The Situation In Kogi More Challenging Than Bayelsa – Police PRO
The police have lamented that the violence in Kogi State during the governorship elections was worse than that of Bayelsa State.
Elections had been disrupted in Ward 2, Lokoja, after gunshots were fired into the air by suspected thugs.
They also made away with ballot boxes, even as electorates scampered for safety.
Speaking about the situation during an appearance on Channels TV’s special election programme, the Police Public Relations Officer, Frank Mba, noted that although some of the incidences had been identified in the threat analysis and preventive measures were taken, a lot of things are still beyond the control of the security agencies.
He, however, explained that if the public knew the level of threat that was detected as well as the amount of work that went into identifying, isolating and neutralising a lot of the threat they would appreciate the efforts of the security agencies.
According to him, the fact that there were incidences of some isolated cases of violence should “not distract from the heavy investments and amount of work (they) have done”.
“The situation in Kogi has actually been very challenging, more challenging than the situation in Bayelsa,” he said.
“The truth, however, is that we saw a great deal of this in the threat analysis we conducted earlier and we actually took a lot of measures and strategic steps to isolate and neutralise some of these problems”.
Speaking further, he blamed some of the electoral malpractices and violence on politicians who play very desperate games.
According to Mba, despite being armed, the security agencies have to exercise maximum restraint in order not to harm innocent citizens.
“When you are policing an environment where politicians play very desperate games, where politicians believe in winning at all cost, where they do not believe in the rule of law or political process, you will constantly be swimming against the tide and of course you understand that as police officers, we can never behave like thugs.

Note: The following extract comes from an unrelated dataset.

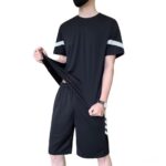 Sillictorのメンズスポーツウェア上下セット。半袖Tシャツとハーフパンツが組み合わさったトレーニング用ジャージ。通気速乾機能とUVカットが特長で、日本サイズSで品質良好。
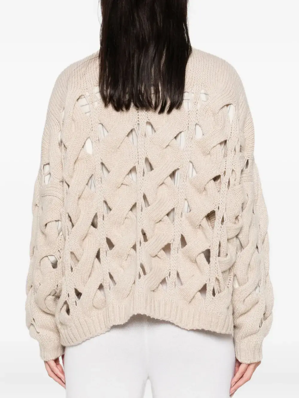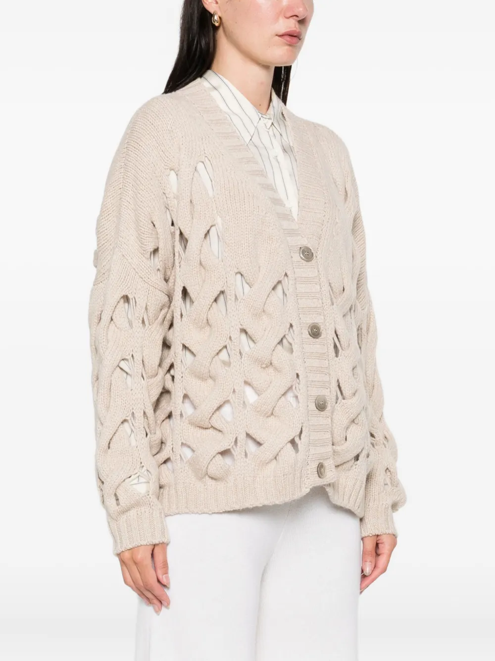 бежевый кардиган с ажурной вязкой, застёжкой на пуговицы и V-образным вырезом

“As much as we are armed, we believe first and foremost that our weapons are given to us by the state to preserve our citizens and so even when we are responding to incidents at the polling stations, we are conscious of the fact that we need to exercise maximum restraint.
“We need to exercise a lot of due care and diligence to ensure that in trying to stop the thugs, stop the law breakers, we do not bring the innocent into harm’s way”.